Task details
Your job is to transcribe all the records that follow, excluding any pictures.

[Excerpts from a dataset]
════════════════

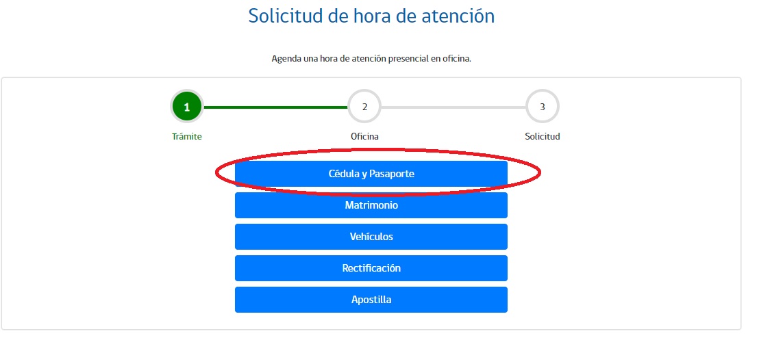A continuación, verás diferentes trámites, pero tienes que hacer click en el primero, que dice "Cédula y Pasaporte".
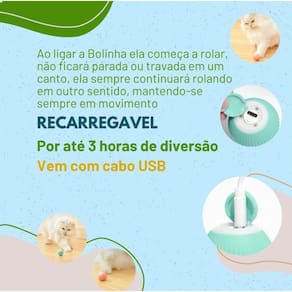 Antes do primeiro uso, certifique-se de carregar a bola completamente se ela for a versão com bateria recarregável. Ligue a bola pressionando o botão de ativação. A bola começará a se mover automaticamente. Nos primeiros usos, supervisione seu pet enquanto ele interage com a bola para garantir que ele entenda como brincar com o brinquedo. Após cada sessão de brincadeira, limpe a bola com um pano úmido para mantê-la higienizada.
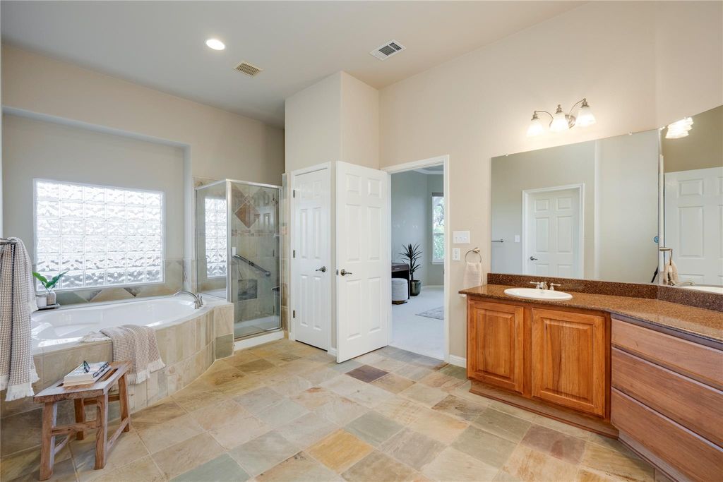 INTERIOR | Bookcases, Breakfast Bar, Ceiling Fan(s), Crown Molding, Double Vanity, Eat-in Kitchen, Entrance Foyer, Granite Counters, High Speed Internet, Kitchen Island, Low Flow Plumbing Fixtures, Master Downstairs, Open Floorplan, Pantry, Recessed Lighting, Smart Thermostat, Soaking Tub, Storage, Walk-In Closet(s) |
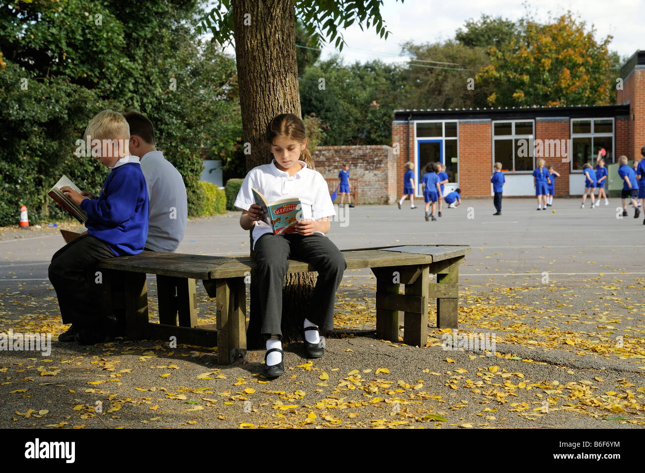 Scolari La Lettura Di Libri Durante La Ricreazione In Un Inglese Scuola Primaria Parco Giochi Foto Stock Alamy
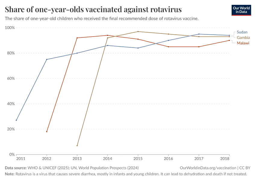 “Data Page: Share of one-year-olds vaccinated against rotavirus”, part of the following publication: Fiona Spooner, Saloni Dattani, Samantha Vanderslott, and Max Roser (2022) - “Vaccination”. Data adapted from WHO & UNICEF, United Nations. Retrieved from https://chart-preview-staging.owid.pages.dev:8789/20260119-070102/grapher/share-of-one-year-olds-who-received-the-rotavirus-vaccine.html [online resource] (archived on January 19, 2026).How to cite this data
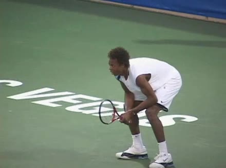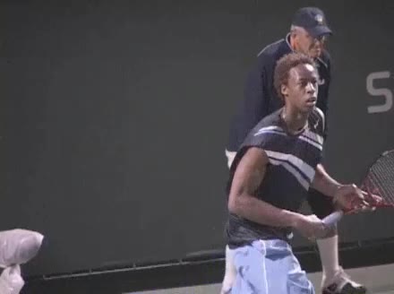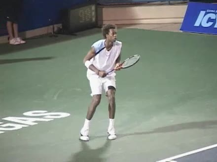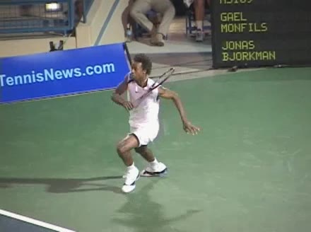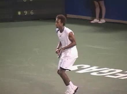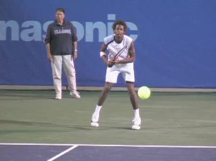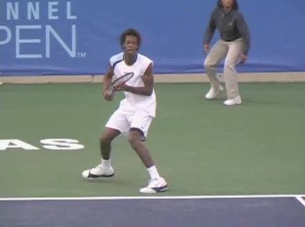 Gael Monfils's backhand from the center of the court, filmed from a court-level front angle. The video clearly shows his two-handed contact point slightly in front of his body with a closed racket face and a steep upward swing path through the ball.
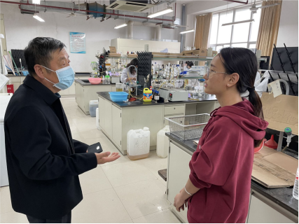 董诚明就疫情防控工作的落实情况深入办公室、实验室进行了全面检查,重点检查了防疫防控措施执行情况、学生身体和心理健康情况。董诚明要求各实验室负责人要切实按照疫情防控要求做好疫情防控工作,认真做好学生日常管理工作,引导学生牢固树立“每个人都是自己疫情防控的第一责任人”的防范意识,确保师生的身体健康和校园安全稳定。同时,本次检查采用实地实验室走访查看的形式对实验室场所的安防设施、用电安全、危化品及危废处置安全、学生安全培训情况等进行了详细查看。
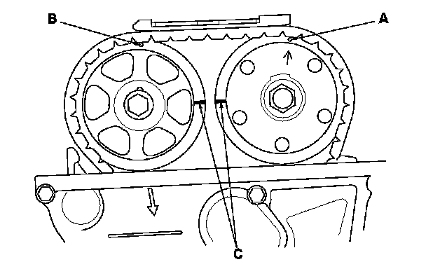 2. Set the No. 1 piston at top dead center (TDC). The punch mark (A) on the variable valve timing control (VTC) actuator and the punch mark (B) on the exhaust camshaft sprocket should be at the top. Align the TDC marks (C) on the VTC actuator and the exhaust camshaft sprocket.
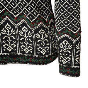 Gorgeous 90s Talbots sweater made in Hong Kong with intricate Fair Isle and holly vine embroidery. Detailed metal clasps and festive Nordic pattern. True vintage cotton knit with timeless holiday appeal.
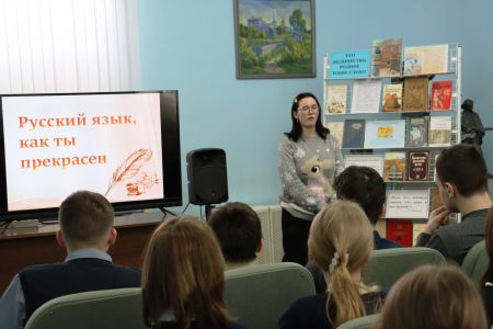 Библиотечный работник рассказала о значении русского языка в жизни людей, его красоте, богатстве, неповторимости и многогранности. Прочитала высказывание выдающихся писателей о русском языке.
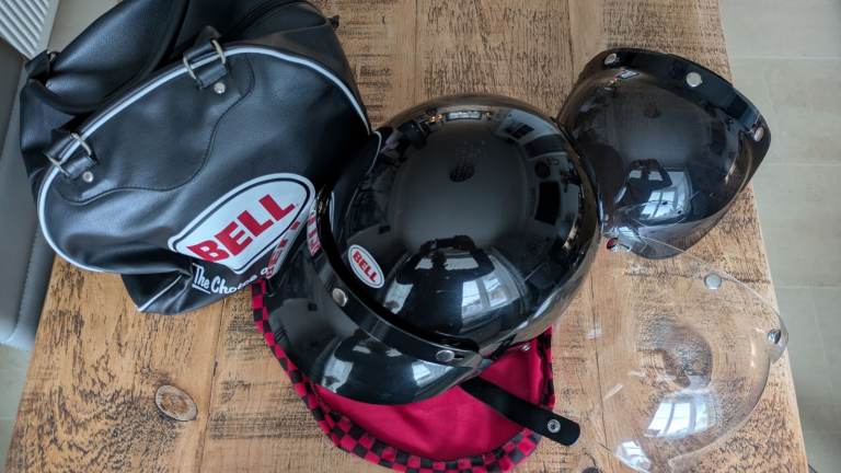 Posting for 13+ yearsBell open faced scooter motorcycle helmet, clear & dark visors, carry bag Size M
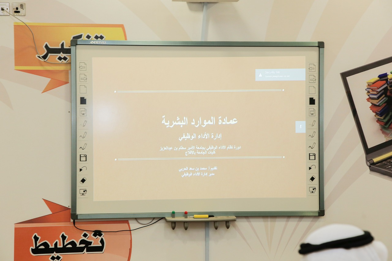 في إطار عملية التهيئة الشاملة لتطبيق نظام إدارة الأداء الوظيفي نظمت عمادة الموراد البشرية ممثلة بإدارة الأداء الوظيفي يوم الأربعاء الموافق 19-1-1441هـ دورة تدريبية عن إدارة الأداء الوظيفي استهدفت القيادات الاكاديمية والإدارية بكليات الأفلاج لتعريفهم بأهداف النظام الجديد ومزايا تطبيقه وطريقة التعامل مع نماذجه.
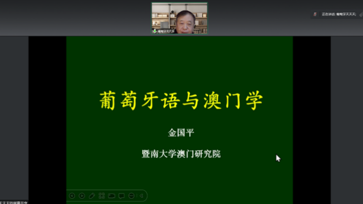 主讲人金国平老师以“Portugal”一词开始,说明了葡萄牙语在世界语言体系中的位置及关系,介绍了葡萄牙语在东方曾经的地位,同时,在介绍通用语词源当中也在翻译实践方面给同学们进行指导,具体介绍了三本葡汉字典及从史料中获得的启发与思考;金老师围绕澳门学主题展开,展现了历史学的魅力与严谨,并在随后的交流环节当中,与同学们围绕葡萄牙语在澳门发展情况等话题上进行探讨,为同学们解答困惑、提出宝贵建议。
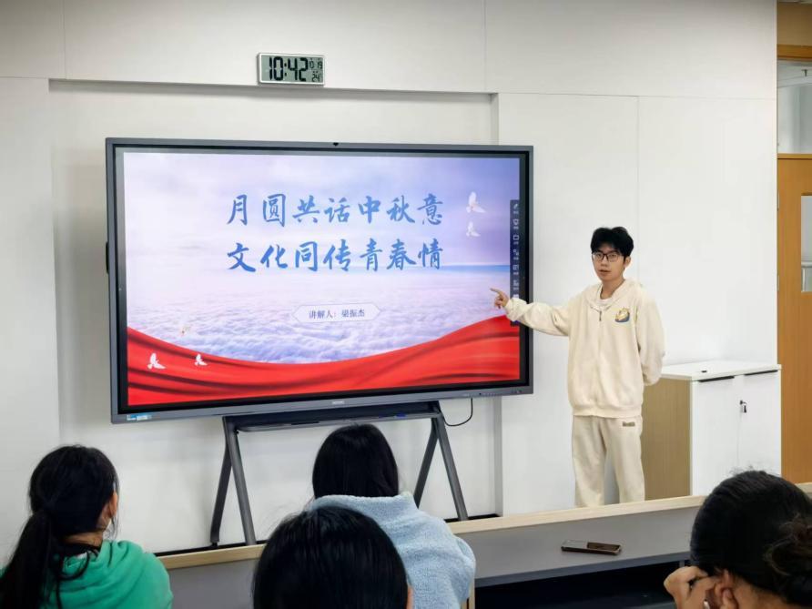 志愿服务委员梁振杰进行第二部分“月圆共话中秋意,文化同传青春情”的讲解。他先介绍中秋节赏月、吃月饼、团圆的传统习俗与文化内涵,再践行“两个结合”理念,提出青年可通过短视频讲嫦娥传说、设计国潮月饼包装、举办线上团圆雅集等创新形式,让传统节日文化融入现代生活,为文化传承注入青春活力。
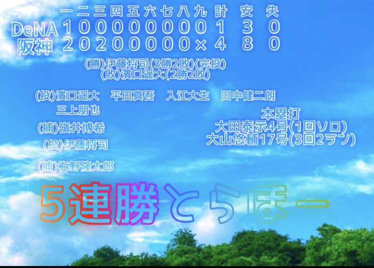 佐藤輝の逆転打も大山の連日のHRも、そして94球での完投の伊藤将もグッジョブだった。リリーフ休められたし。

════════════════

Answer for the task
A continuación, verás diferentes trámites, pero tienes que hacer click en el primero, que dice "Cédula y Pasaporte".
 Antes do primeiro uso, certifique-se de carregar a bola completamente se ela for a versão com bateria recarregável. Ligue a bola pressionando o botão de ativação. A bola começará a se mover automaticamente. Nos primeiros usos, supervisione seu pet enquanto ele interage com a bola para garantir que ele entenda como brincar com o brinquedo. Após cada sessão de brincadeira, limpe a bola com um pano úmido para mantê-la higienizada.
 INTERIOR | Bookcases, Breakfast Bar, Ceiling Fan(s), Crown Molding, Double Vanity, Eat-in Kitchen, Entrance Foyer, Granite Counters, High Speed Internet, Kitchen Island, Low Flow Plumbing Fixtures, Master Downstairs, Open Floorplan, Pantry, Recessed Lighting, Smart Thermostat, Soaking Tub, Storage, Walk-In Closet(s) |
 Scolari La Lettura Di Libri Durante La Ricreazione In Un Inglese Scuola Primaria Parco Giochi Foto Stock Alamy
 “Data Page: Share of one-year-olds vaccinated against rotavirus”, part of the following publication: Fiona Spooner, Saloni Dattani, Samantha Vanderslott, and Max Roser (2022) - “Vaccination”. Data adapted from WHO & UNICEF, United Nations. Retrieved from https://chart-preview-staging.owid.pages.dev:8789/20260119-070102/grapher/share-of-one-year-olds-who-received-the-rotavirus-vaccine.html [online resource] (archived on January 19, 2026).How to cite this data
 Gael Monfils's backhand from the center of the court, filmed from a court-level front angle. The video clearly shows his two-handed contact point slightly in front of his body with a closed racket face and a steep upward swing path through the ball.
 董诚明就疫情防控工作的落实情况深入办公室、实验室进行了全面检查,重点检查了防疫防控措施执行情况、学生身体和心理健康情况。董诚明要求各实验室负责人要切实按照疫情防控要求做好疫情防控工作,认真做好学生日常管理工作,引导学生牢固树立“每个人都是自己疫情防控的第一责任人”的防范意识,确保师生的身体健康和校园安全稳定。同时,本次检查采用实地实验室走访查看的形式对实验室场所的安防设施、用电安全、危化品及危废处置安全、学生安全培训情况等进行了详细查看。
 2. Set the No. 1 piston at top dead center (TDC). The punch mark (A) on the variable valve timing control (VTC) actuator and the punch mark (B) on the exhaust camshaft sprocket should be at the top. Align the TDC marks (C) on the VTC actuator and the exhaust camshaft sprocket.
 Gorgeous 90s Talbots sweater made in Hong Kong with intricate Fair Isle and holly vine embroidery. Detailed metal clasps and festive Nordic pattern. True vintage cotton knit with timeless holiday appeal.
 Библиотечный работник рассказала о значении русского языка в жизни людей, его красоте, богатстве, неповторимости и многогранности. Прочитала высказывание выдающихся писателей о русском языке.
 Posting for 13+ yearsBell open faced scooter motorcycle helmet, clear & dark visors, carry bag Size M
 في إطار عملية التهيئة الشاملة لتطبيق نظام إدارة الأداء الوظيفي نظمت عمادة الموراد البشرية ممثلة بإدارة الأداء الوظيفي يوم الأربعاء الموافق 19-1-1441هـ دورة تدريبية عن إدارة الأداء الوظيفي استهدفت القيادات الاكاديمية والإدارية بكليات الأفلاج لتعريفهم بأهداف النظام الجديد ومزايا تطبيقه وطريقة التعامل مع نماذجه.
 主讲人金国平老师以“Portugal”一词开始,说明了葡萄牙语在世界语言体系中的位置及关系,介绍了葡萄牙语在东方曾经的地位,同时,在介绍通用语词源当中也在翻译实践方面给同学们进行指导,具体介绍了三本葡汉字典及从史料中获得的启发与思考;金老师围绕澳门学主题展开,展现了历史学的魅力与严谨,并在随后的交流环节当中,与同学们围绕葡萄牙语在澳门发展情况等话题上进行探讨,为同学们解答困惑、提出宝贵建议。
 志愿服务委员梁振杰进行第二部分“月圆共话中秋意,文化同传青春情”的讲解。他先介绍中秋节赏月、吃月饼、团圆的传统习俗与文化内涵,再践行“两个结合”理念,提出青年可通过短视频讲嫦娥传说、设计国潮月饼包装、举办线上团圆雅集等创新形式,让传统节日文化融入现代生活,为文化传承注入青春活力。
 佐藤輝の逆転打も大山の連日のHRも、そして94球での完投の伊藤将もグッジョブだった。リリーフ休められたし。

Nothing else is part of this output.